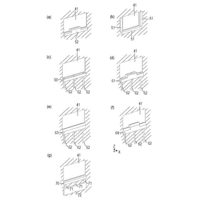 第1の実施形態に係る付着物低減手段の各種変形例(a)~(g)を示す模式図である。
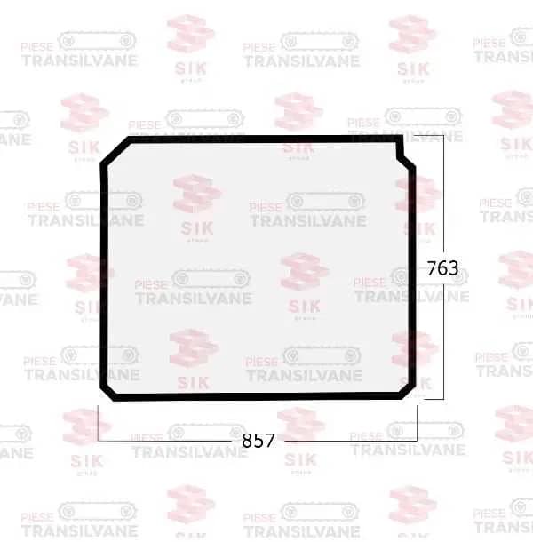 Geam din sticlă laminat pentru JCB, grosime de 3+3 mm, curbat. DIMENSIUNE 857*763
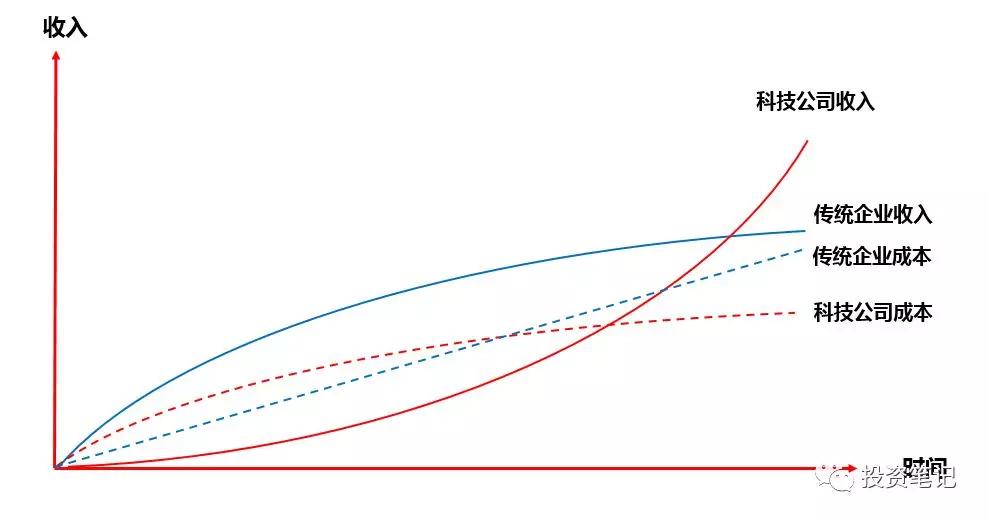 大多数传统企业研发投入成本低,经营规模随时间发展,其成本一般呈线性递增,而其收入呈边际递减,于是其盈利能力随着规模增长总有一个时间点便会很快到达效能上限,比如A股大部分传统行业公司,在上市之后业务很难再继续保持高速成长。

--------------------

## WORK REQUIRED
Output only the lines that run from the line containing "Geam din sticlă" to the last line of the data, exactly as they stand and without pictures.

## RESULT
 Geam din sticlă laminat pentru JCB, grosime de 3+3 mm, curbat. DIMENSIUNE 857*763
 大多数传统企业研发投入成本低,经营规模随时间发展,其成本一般呈线性递增,而其收入呈边际递减,于是其盈利能力随着规模增长总有一个时间点便会很快到达效能上限,比如A股大部分传统行业公司,在上市之后业务很难再继续保持高速成长。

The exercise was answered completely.